> _Instructions for the task_:
Using the listing below, print the line containing "04 Sashimi Salmão", the line containing "The examples below", and each line between them, exactly and nothing else. Pictures stay out of the print.

[Data]

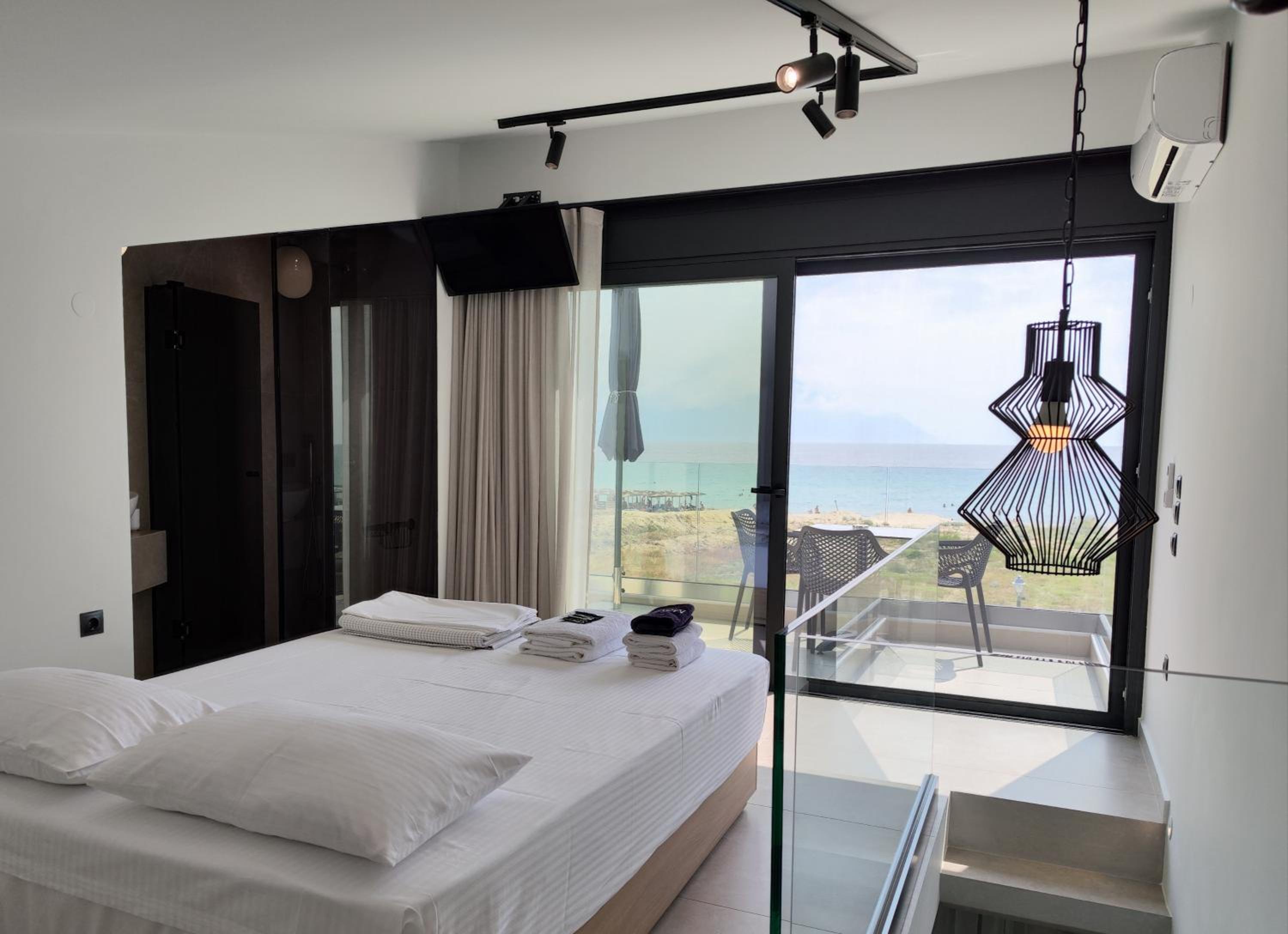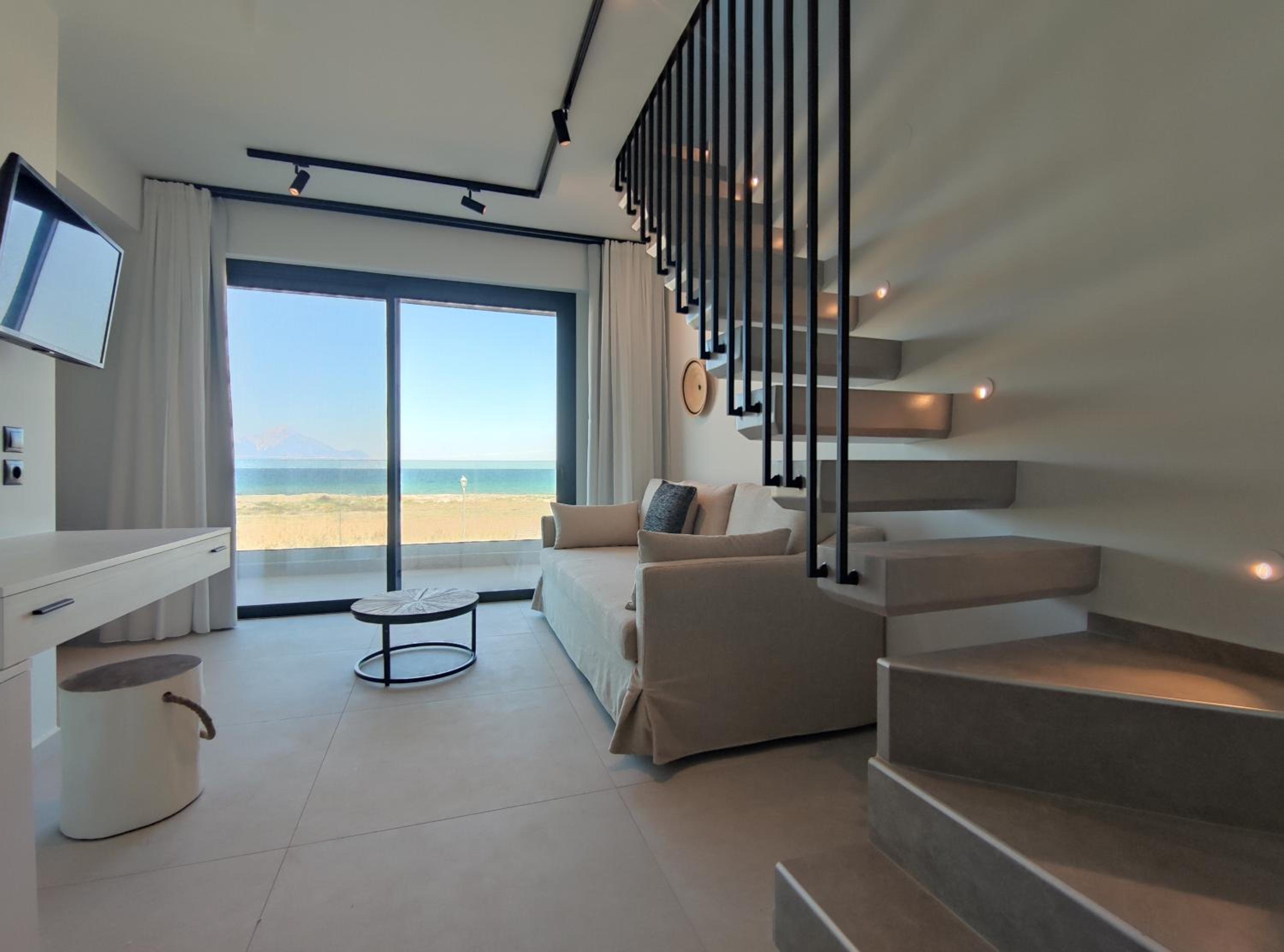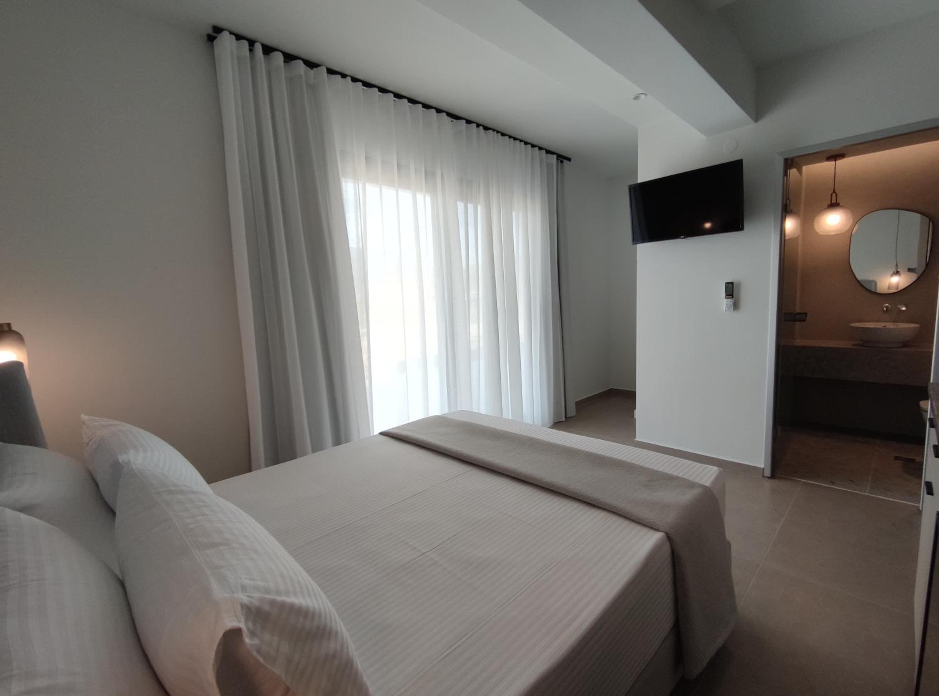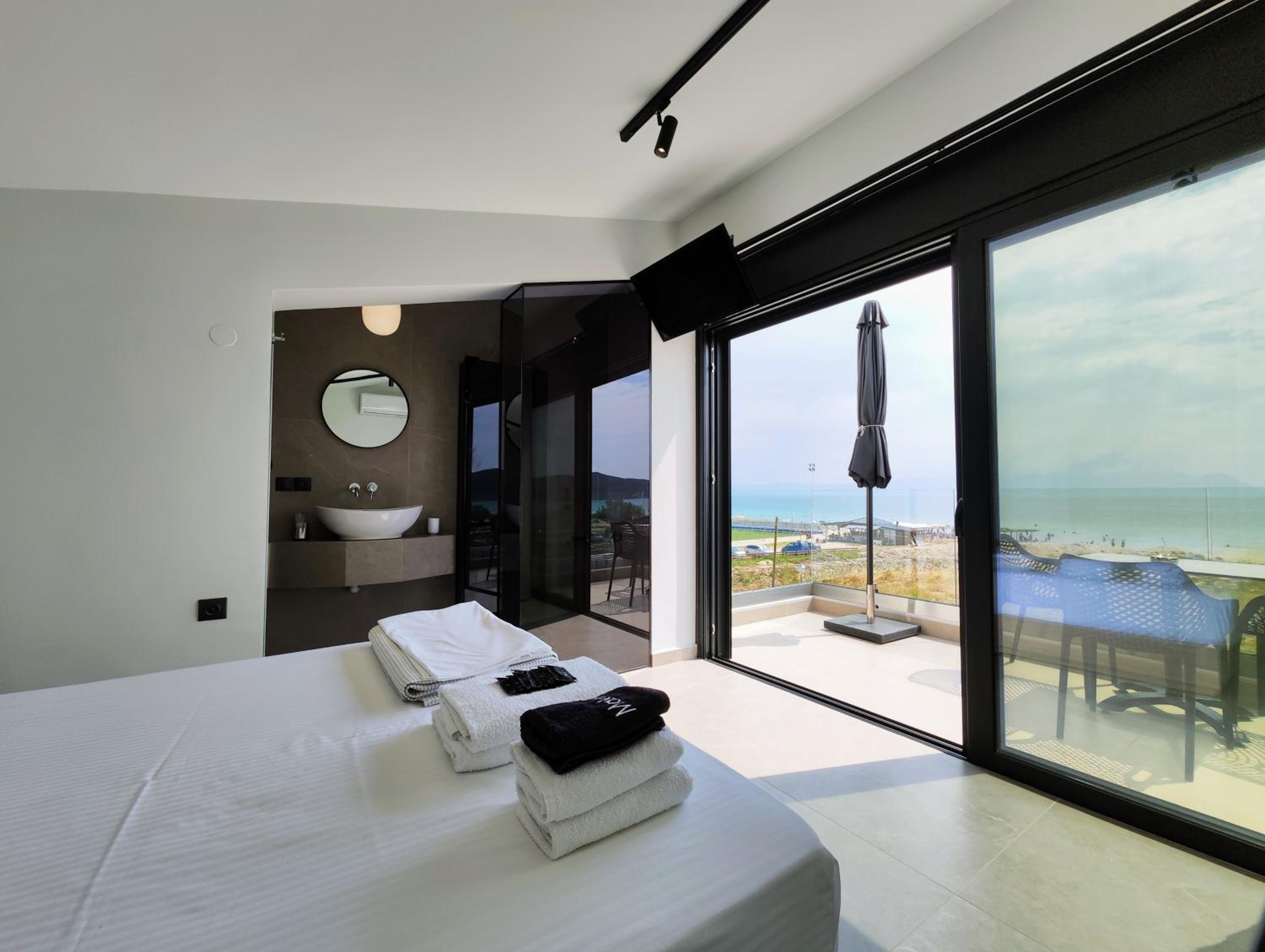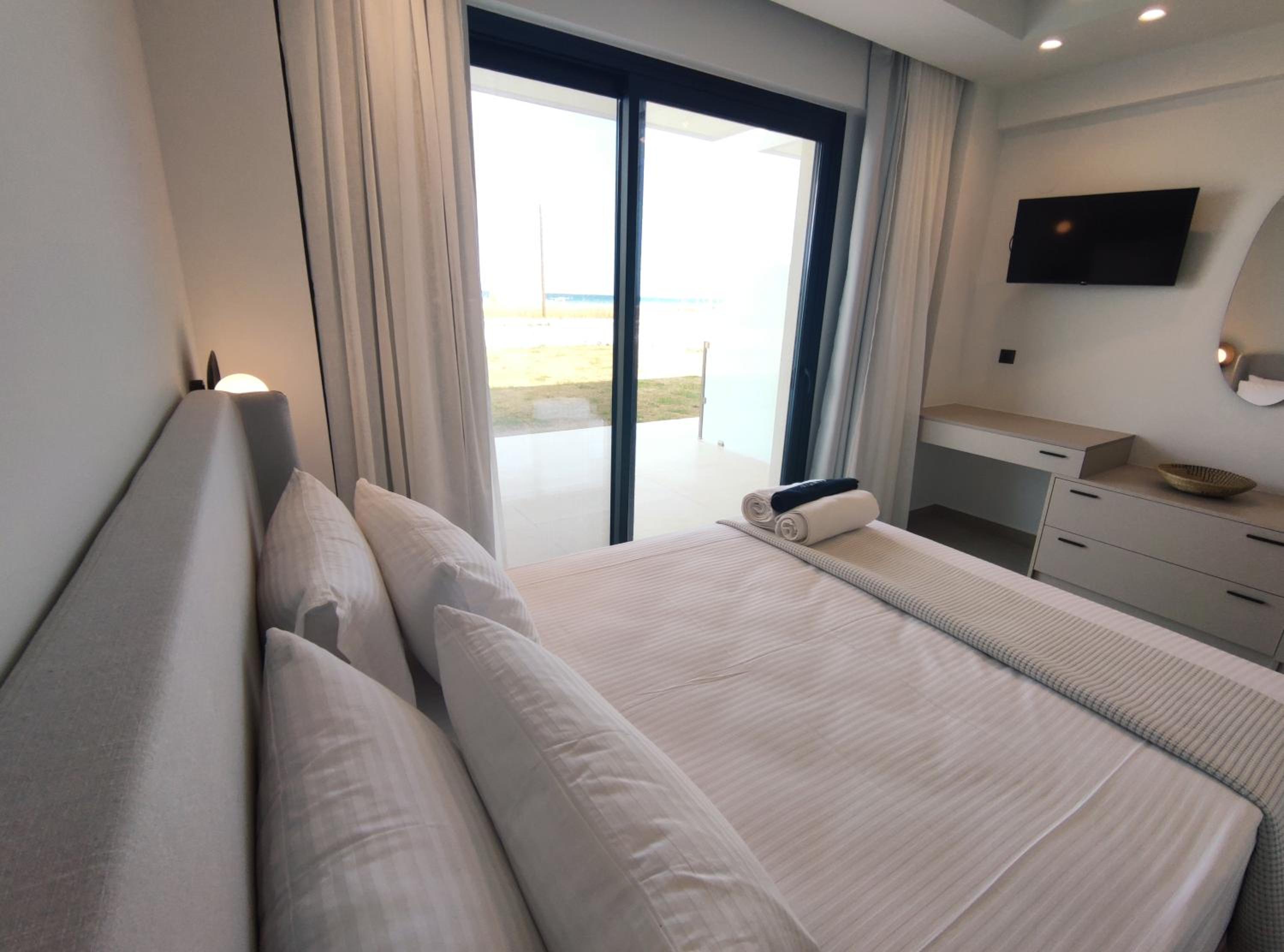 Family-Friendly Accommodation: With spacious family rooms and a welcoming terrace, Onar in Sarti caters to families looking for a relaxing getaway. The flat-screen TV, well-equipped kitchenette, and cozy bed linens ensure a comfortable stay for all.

[/Data]
[Data]

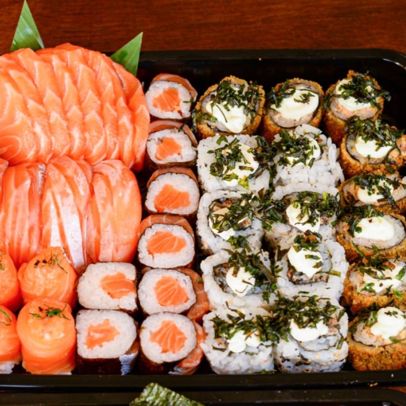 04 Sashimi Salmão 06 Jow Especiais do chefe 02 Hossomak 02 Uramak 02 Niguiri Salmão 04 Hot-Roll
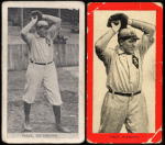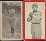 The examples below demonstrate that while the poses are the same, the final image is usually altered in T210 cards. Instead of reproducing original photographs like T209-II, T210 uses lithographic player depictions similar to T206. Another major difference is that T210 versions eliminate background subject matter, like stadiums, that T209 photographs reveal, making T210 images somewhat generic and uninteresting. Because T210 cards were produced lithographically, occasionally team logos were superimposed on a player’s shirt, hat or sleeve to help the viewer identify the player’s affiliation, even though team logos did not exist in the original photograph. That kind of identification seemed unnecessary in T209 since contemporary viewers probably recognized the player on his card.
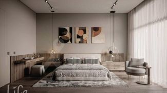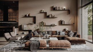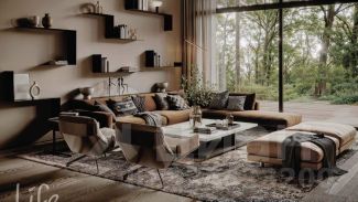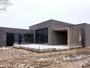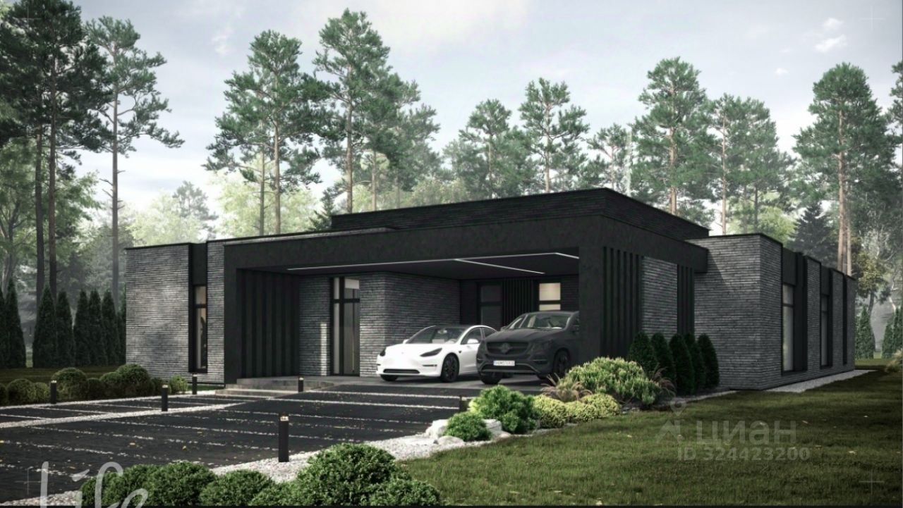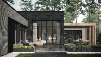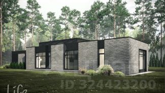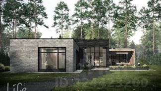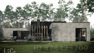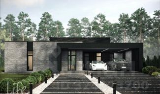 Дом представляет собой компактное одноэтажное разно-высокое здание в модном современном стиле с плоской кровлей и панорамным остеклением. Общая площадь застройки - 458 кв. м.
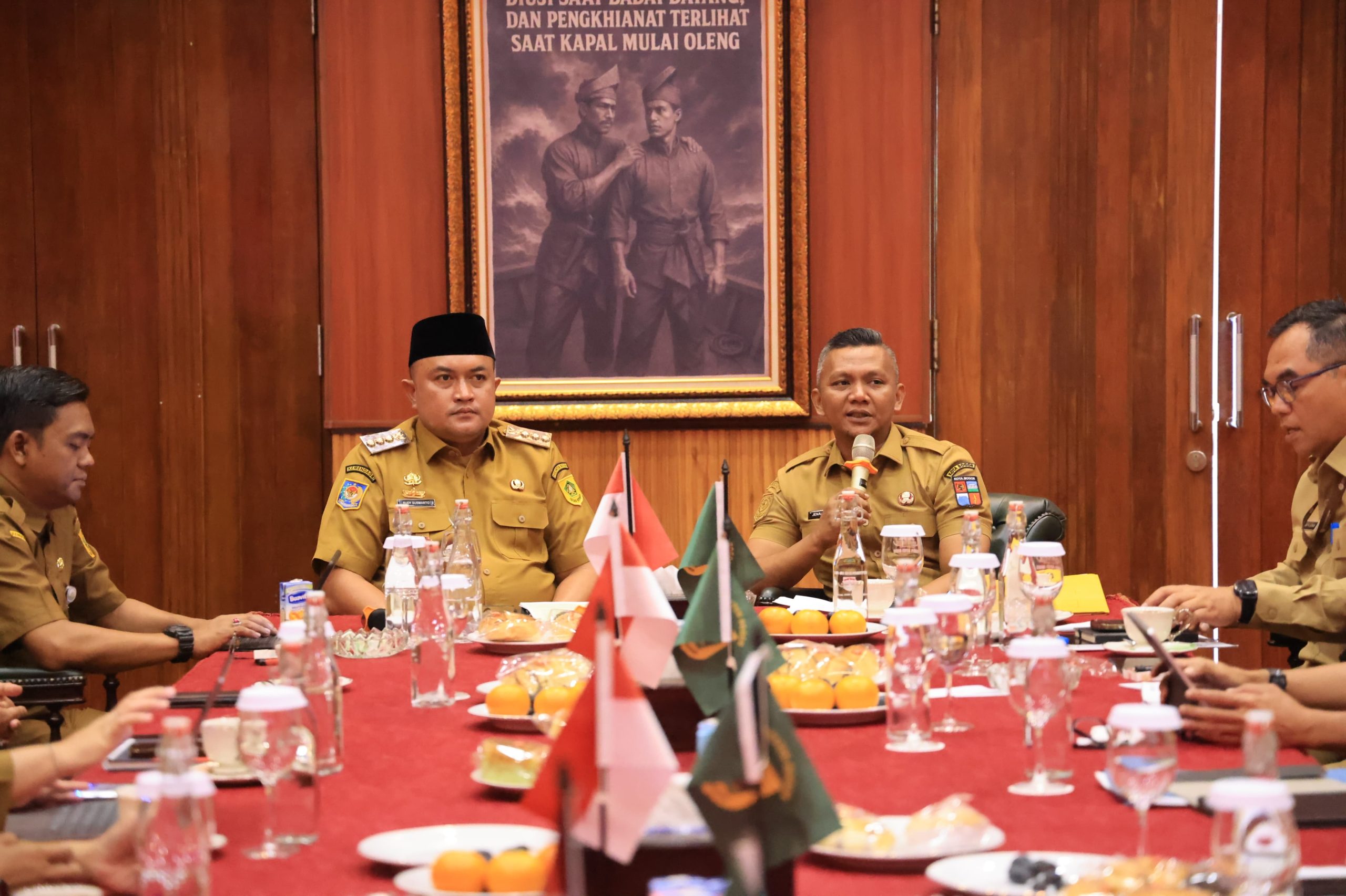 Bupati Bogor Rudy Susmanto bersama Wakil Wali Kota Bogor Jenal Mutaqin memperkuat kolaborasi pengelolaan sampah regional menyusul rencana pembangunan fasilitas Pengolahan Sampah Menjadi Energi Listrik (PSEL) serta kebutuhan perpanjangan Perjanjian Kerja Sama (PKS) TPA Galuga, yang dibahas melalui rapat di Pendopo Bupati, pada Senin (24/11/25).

[/Data]

> _Solution for this task_:
 04 Sashimi Salmão 06 Jow Especiais do chefe 02 Hossomak 02 Uramak 02 Niguiri Salmão 04 Hot-Roll
 The examples below demonstrate that while the poses are the same, the final image is usually altered in T210 cards. Instead of reproducing original photographs like T209-II, T210 uses lithographic player depictions similar to T206. Another major difference is that T210 versions eliminate background subject matter, like stadiums, that T209 photographs reveal, making T210 images somewhat generic and uninteresting. Because T210 cards were produced lithographically, occasionally team logos were superimposed on a player’s shirt, hat or sleeve to help the viewer identify the player’s affiliation, even though team logos did not exist in the original photograph. That kind of identification seemed unnecessary in T209 since contemporary viewers probably recognized the player on his card.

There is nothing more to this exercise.